Figure 4. — Infection rates from 5 years before to 5 years after index date, stratified by index date during 2000–2010 or 2011–2020. Results are based on approximately 70% of the study population, who had ⩾ 5 years of medical history before index date: 16,334 people with multiple sclerosis, 31,340 general population controls and 6203 people with rheumatoid arthritis. Shaded area: 95% confidence interval.

PY: person-year; RTI: respiratory tract infection; SSTI: skin and subcutaneous tissue infection; UTI: urinary tract infection.

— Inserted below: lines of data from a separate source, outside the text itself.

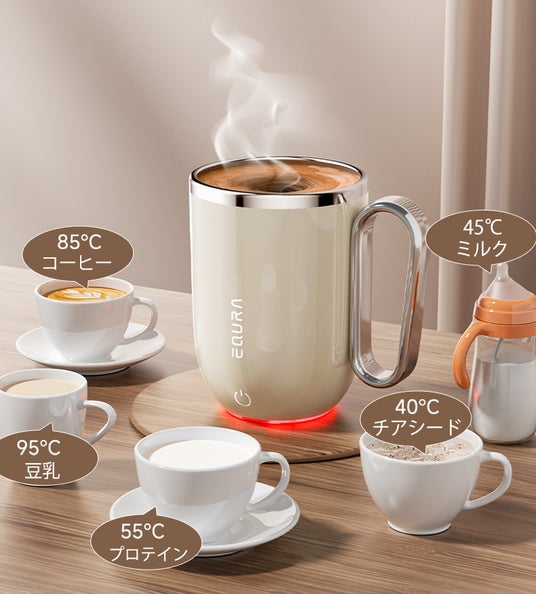 新たに温度感知システムを搭載し、飲み物の温度をリアルタイムでLEDカラー表示。ブルー:35℃以下
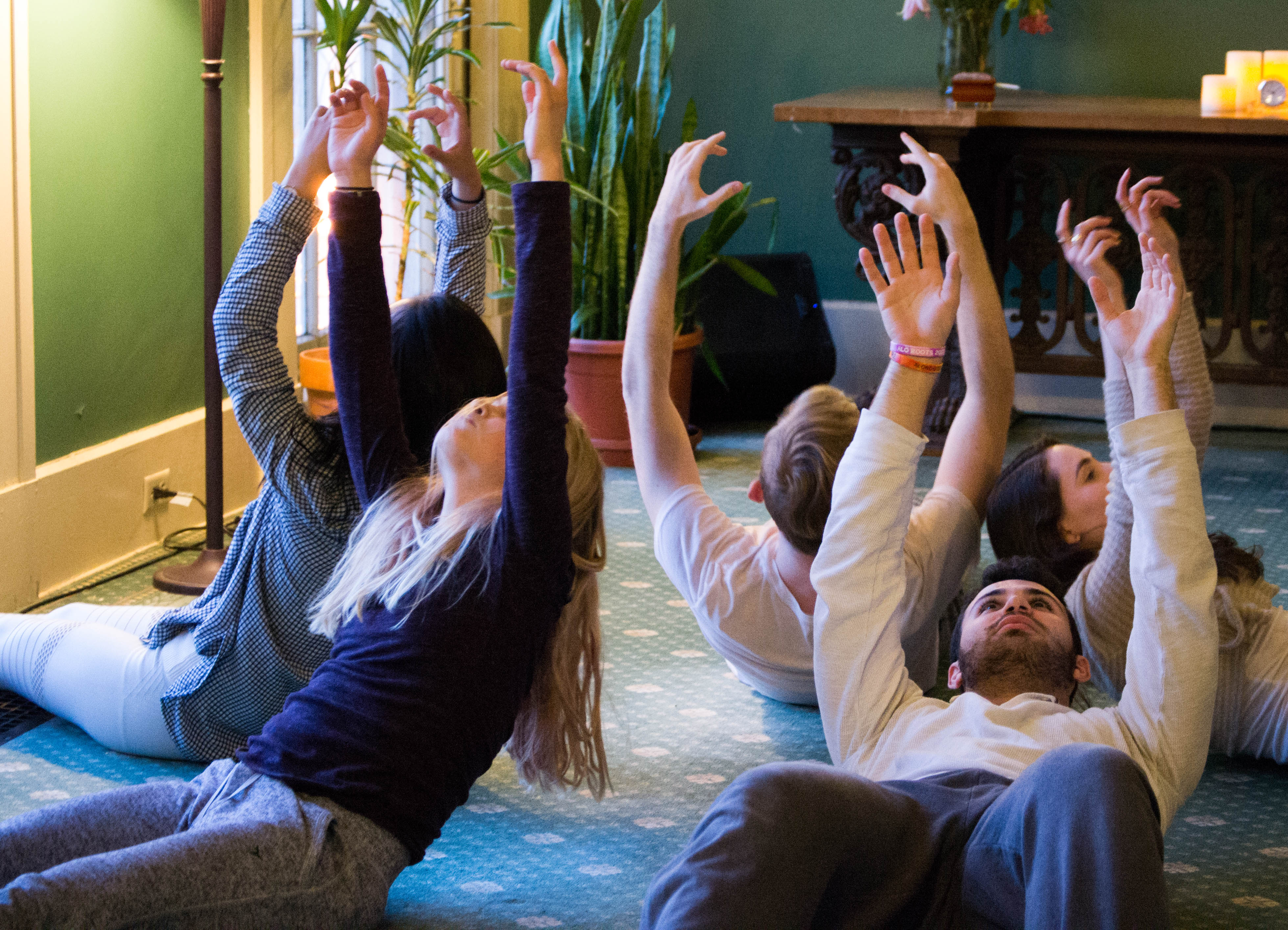 Upon walking through the foyer and into the performance space, viewers are greeted by a group of dancers sitting on the main staircase, who soon spread out throughout the rooms of the house. Audience members are free to wander throughout the building, following the path of a specific dancer or exploring rooms at random. “The Home Project” takes place in Russell House, which was built in 1828 for local businessman Samuel Russell and is now home to the University’s philosophy department. This setting is a vital part of the show, as the use of an actual house gives the performance a sense of authenticity.
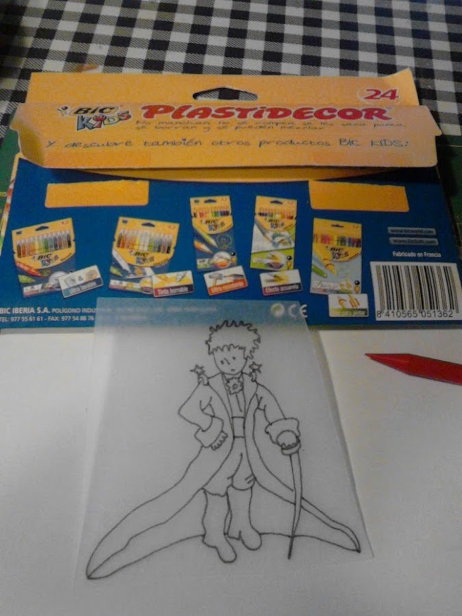 Aquí lo podéis ver preparado para colorear, esta vez he elegido los plastidecor de mis hijos. Se puede ver como es una lámina de plástico traslucido y muy fino.
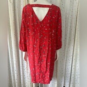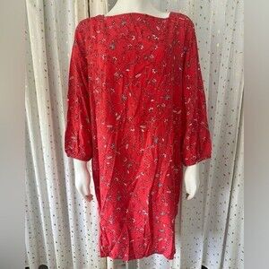 GAP Women's Red Floral Paisley Long Sleeve Sheath Dress With Pockets Size L
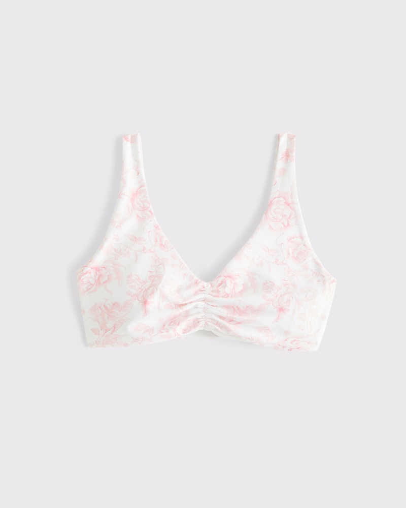 Our slim-fitting sports bra in an active fabric and Curve Love fit, designed for cups D-F. Curve Love includes fuller bust support with a proportionally smaller band size. Our fabric is lightweight, buttery soft and nonrestrictive providing a barely there feel, it moves with you during low impact activity and is also great for all-day wear. Features scrunch detail and removable pads. Imported.
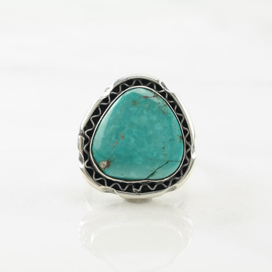 Important Zuni Sterling Silver Ring Turquoise Blue Sz10 R3593
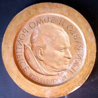- Molde de escayola, con barniz de goma laca, del negativo (toda la inscripción está al revés) de la cara de una medalla donde se representa el perfil del Pontífice Juan Pablo II.Para Acuñaciones Españolas. Otros Archivos.: MBO/527
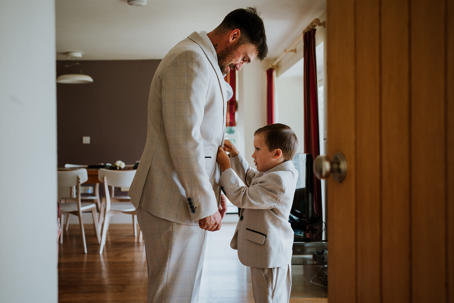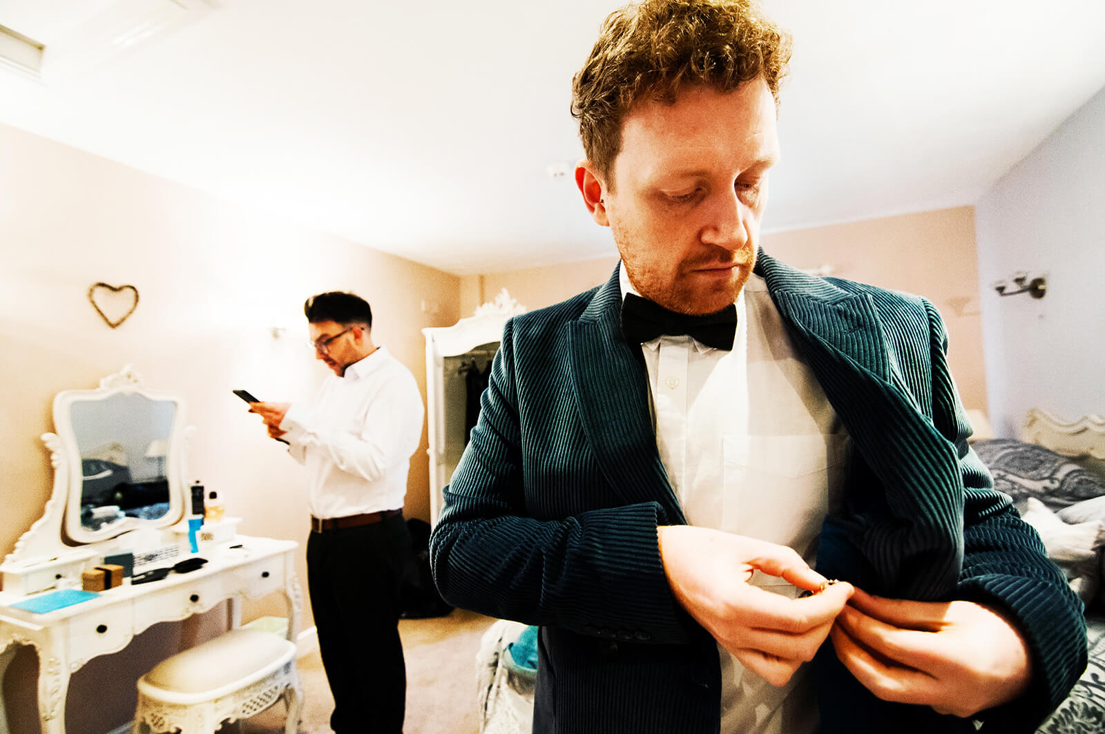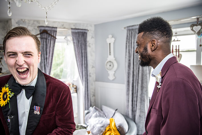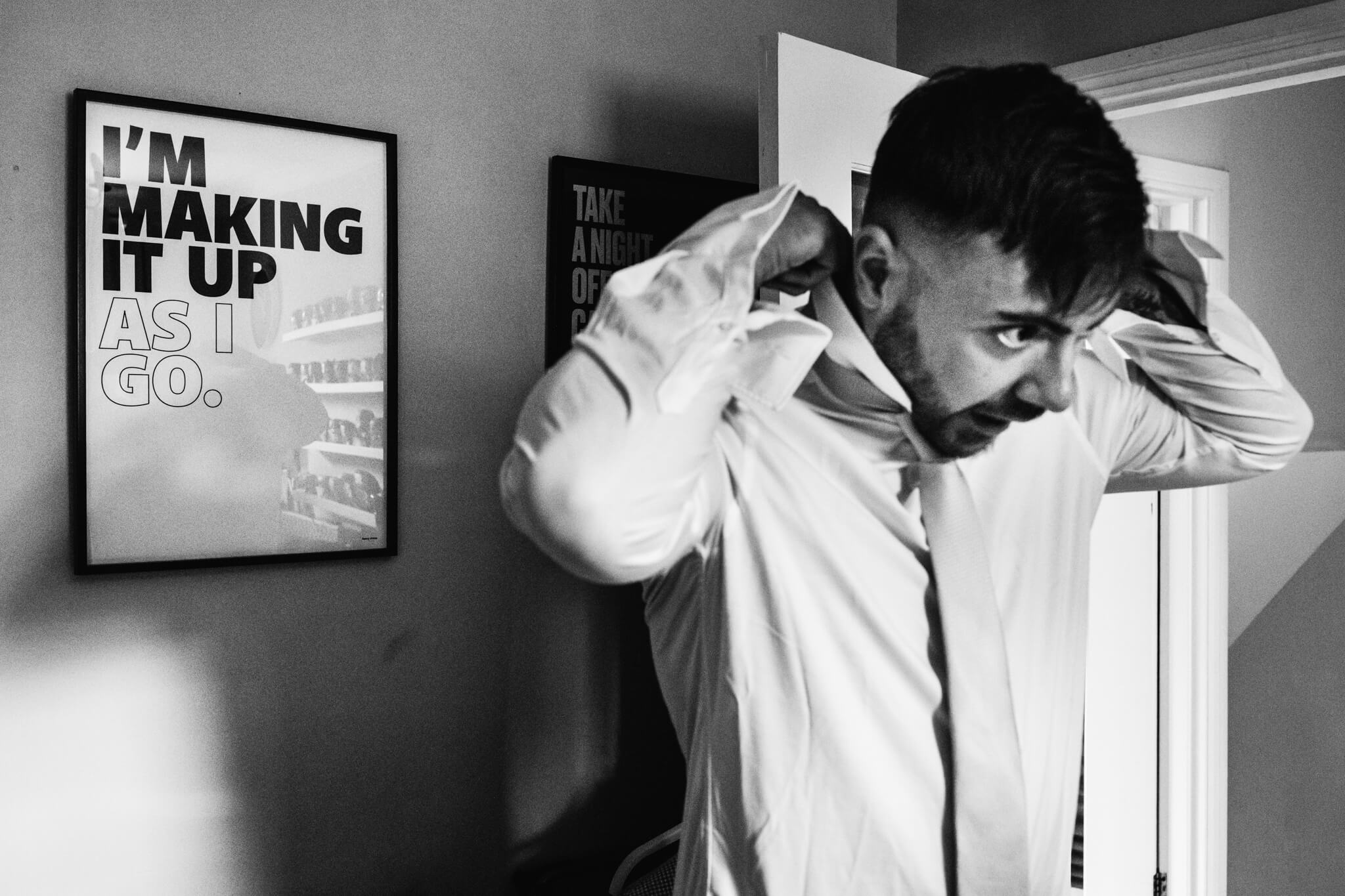 “Harry is a graphic designer and had made this artwork you see on the wall. I wanted to frame it so focus was on the artwork and tied it into Harry getting ready in the morning. It always feels like us chaps are making it up as we go when it comes to getting ready (the ladies have it sussed!) I also feel like I’m making it up as I go whenever I’m shooting a wedding!”
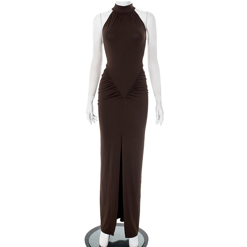 Plataz Women's Solid Color Sleeveless Hanging Neck Tight-Up Kitted Open Fork Dress DJPT
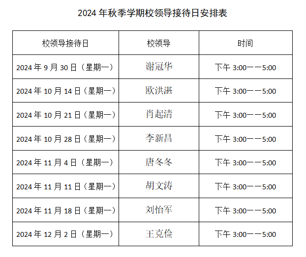 请有意来访的师生员工于校领导接待日的前一周周五下午17:00前填写附件1-《bat365正版唯一官网校领导接待日预约登记表》并发送至电子邮箱huangzuxin@zqu.edu.cn进行预约,党政办公室协调安排后,将通知预约人具体接待时间。
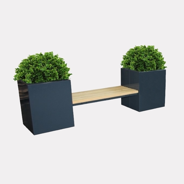 in piatto. La seduta è fissata alle fioriere tramite viti. Fioriere laterali con dimensioni 60x60x75 cm realizzate da uno scatolato in lamiera tagliata al laser e piegata. La parte superiore è ricavata dalla piega della lamiera e
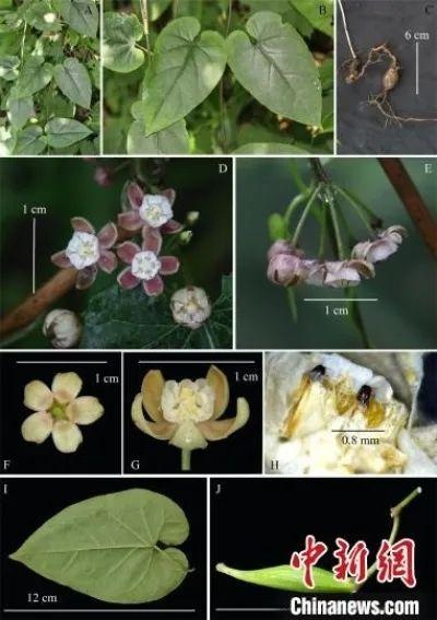 据了解,湖北豹药藤隶属于夹竹桃科鹅绒藤属。鹅绒藤属是一个约含250种植物的世界性大属,系统分类较为复杂。与湖北豹药藤接近的鹅绒藤属植物有美翼杯冠藤、豹药藤、短梗豹药藤以及短柱豹药藤,但与它们相比,湖北豹药藤呈现果实略有棱,花序梗较短,花冠裂片平展、卵形、白色至淡红色,茎无叶片状托叶等特点。

The results were similar in the sensitivity analysis with 60-day episodes of infection instead of 30-day episodes.

Predictors of infection

PwMS experienced median 1 (IQR: 0–3) infection of any of the five types during the 5 years after MS diagnosis, with observed maximum 32 (25 in the sensitivity analysis with 60-day episodes of infection). Characteristics associated with more infections were: infection ⩽ 12 months before diagnosis, female sex, symptomatic drug prescription ⩽ 12 months before diagnosis, presence of comorbidity, lymphocyte or neutrophil count ⩽ 12 months before diagnosis and immunomodulatory drug prescription ⩽ 3 months before diagnosis. Age at MS diagnosis ⩾ 30 years was associated with a lower infection rate. IRRs and 95% CIs of the predictor variables from the Poisson regression were similar between the two halves of the study period; the overall results are shown in Table 3. The sensitivity analysis using the Andersen–Gill model gave similar results (Table S2).

Table 3.

Predictive factors of infection during the 5 years after MS diagnosis.

	IRR [95% CI]
Infections during 12 months before MS diagnosis
1	1.92 [1.86–1.97]
⩾2	3.00 [2.89–3.10]
Female sex	1.48 [1.44–1.53]
Symptomatic drugs^a prescribed during 12 months before MS diagnosis
1	1.22 [1.18–1.26]
2	1.48 [1.42–1.53]
⩾3	1.75 [1.67–1.82]
⩾1 comorbidity^b ever before MS diagnosis	1.19 [1.16–1.22]
⩾1 immunomodulatory treatment^c prescription during 3 months before MS diagnosis	1.15 [1.11–1.20]
⩾1 neutrophil or lymphocyte count	1.11 [1.08–1.14]
Age at MS diagnosis ⩾ 30 years	0.78 [0.75–0.81]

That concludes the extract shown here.